Home » News » Bagneux: the Little Peace Museum for schoolchildren in Joliot-Curie seduced the jury of the Ilan-Halimi Prize

Bagneux: the Little Peace Museum for schoolchildren in Joliot-Curie seduced the jury of the Ilan-Halimi Prize

“Small museum for peace. This is the title of the project carried out by the pupils of a class of CM1 and CM2 of the elementary school Joliot-Curie, in Bagneux (92), and which earned them this week the prize of the jury of the fifth edition of the Ilan-Halimi Prize. An eponymous prize in tribute to the 23-year-old young man, tortured to death in 2006 and become the symbol of anti-Semitic hatred, which since 2018 has rewarded collectives, school or not, who have carried out “an action contributing to the reduction of racist prejudices and anti-Semites” in the words of the Ministry of Culture.

“The idea was to train tolerant adults,” explains Elsa Bouteville, the teacher who organized and supervised the first participation of the Bagneux school in the competition. “It was also an opportunity to talk about this tragedy with the children, to remember that anti-Semitism is something that still exists. And that, behind Ilan’s story, there are several: that of the Jews, the Holocaust, and religions. »

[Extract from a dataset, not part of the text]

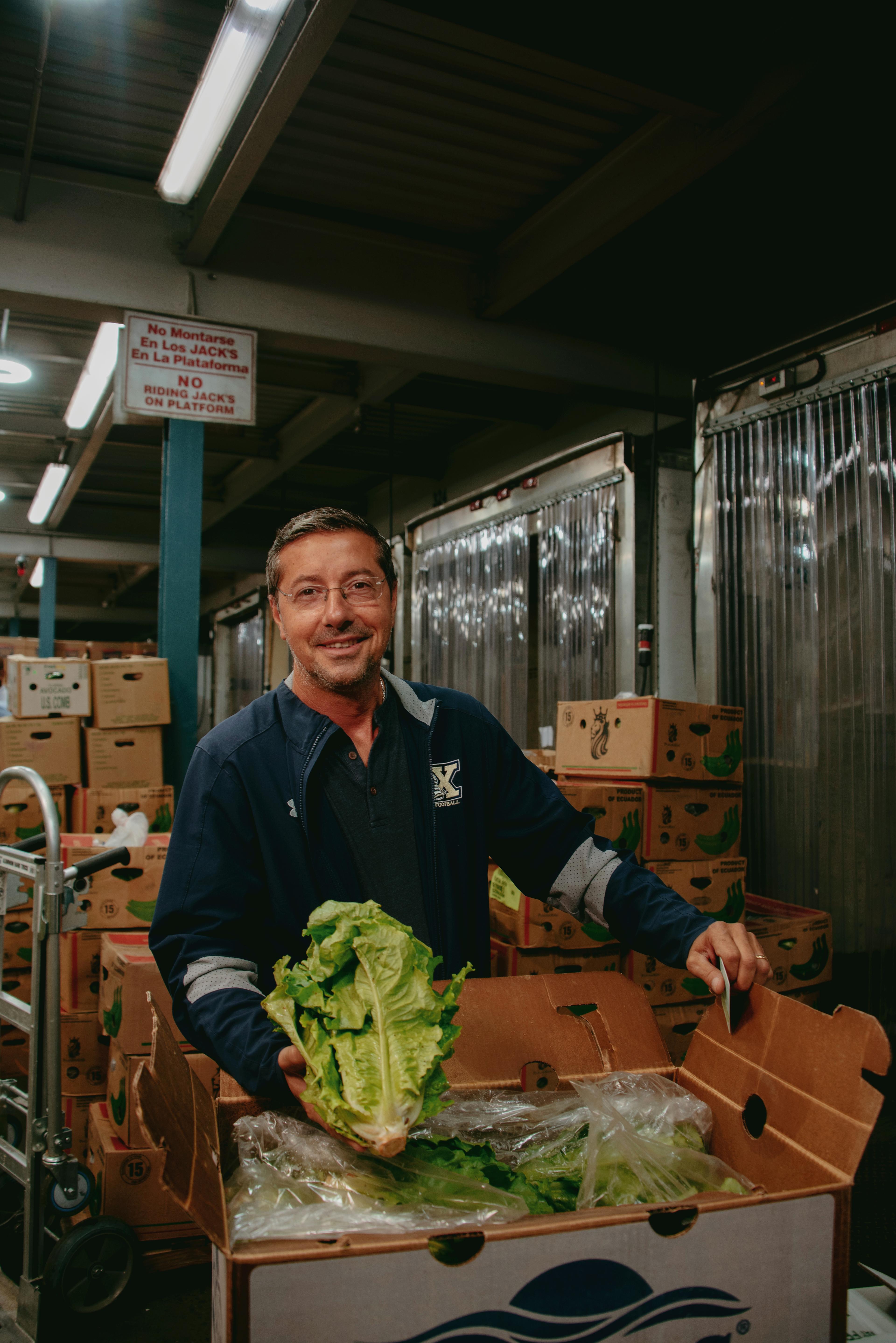 On B Deck, I meet Tony LoVerde, an older, gray-haired man in glasses, perusing cartons of romaine.

On the initiative of the pupils, an exhibition space was therefore set up in a school room, within the Pierre-Plate housing estate where Ilan Halimi was sequestered in 2006. With on the walls of this “little museum”, thirty works produced by 24 children (quotes, collages, drawings, etc.) to evoke Ilan Halimi, peace, the fight against racism and anti-Semitism. There is also a wall dedicated to secularism, French and Algerian flags evoking colonization arranged around a “table of fraternity”, or a fresco around the dove of peace by street artist Banksy.

Visits were made to the parents of students and residents by the schoolchildren themselves, for two months last year. An investment particularly noticed by the Minister of Culture, Rima Abdul Malak, who hand-delivered the reward to five of the schoolchildren, hailing “a beautiful lesson in hope”.

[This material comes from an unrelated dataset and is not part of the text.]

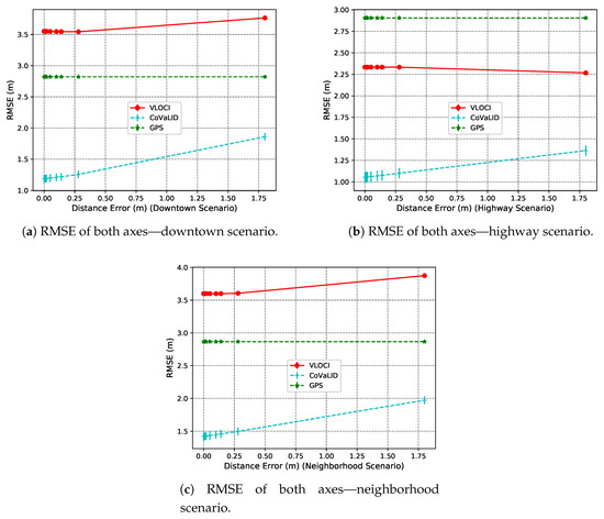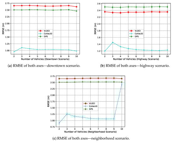 From trajectories with turns, we can observe, according to Figure 17a–c, that CoVaLID presented the same behavior as in the highway scenario, improving its performance. Whereas, in the downtown scenario, its accuracy was affected by the scenarios’ characteristics such as obstacles, lower vehicles’ velocity, and sensors’ field of view. On the other hand, in the neighborhood scenario, the CoVaLID kept RMSE values almost constant. It can be explained due to the combination of lower vehicles’ velocities and scenario characteristics.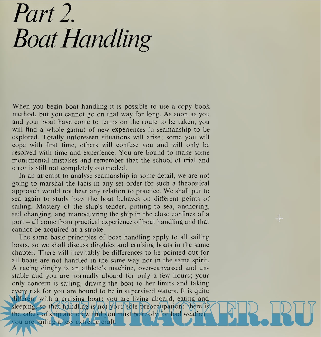 The course is a synthesis, neither an encyclopedia, nor a mere compilation. We have only included what seems to be essential in the experience of succeeding generations of sailors and instructors - during more than a quarter of a century at Glenans.

“It sends a positive message for young people in the suburbs”

“She would like the museum to be reopened,” reports the professor. “It is also the first time that an elementary school has been rewarded. They made a derogation, she says proudly. It is a price that is all the more symbolic since the school is just behind the scene of the tragedy. Somehow, justice has been served. »

The teacher and five students were invited to the Ministry of Justice this Monday, February 13, the anniversary of the death of Ilan Halimi, to receive their Jury Prize, in the presence of the Keeper of the Seals Éric Dupont-Moretti, the Minister of National Education Pap Ndiaye and the Minister Delegate in charge of Equal Opportunities and Diversity, Isabelle Rome. “It sends a positive message for young people in the suburbs, it’s hyper-rewarding,” welcomes Elsa Bouteville.

“Because of course success is possible,” she says. For her part, the mayor of Bagneux, Marie-Hélène Amiable (PCF), expressed “a lot of emotion and great pride” for the awarding of this prize.

Two other schools, Angerville (Essonne) and Saint Amand Montrond (Cher), received the Jury Prize. The Grand Prize was awarded to the school center in the minors’ quarter of the Liancourt penitentiary center (Oise).

The five students and their teacher were then received at Matignon the following day, Tuesday, before continuing with a visit to the National Assembly, then to the Shoah Memorial, in Paris.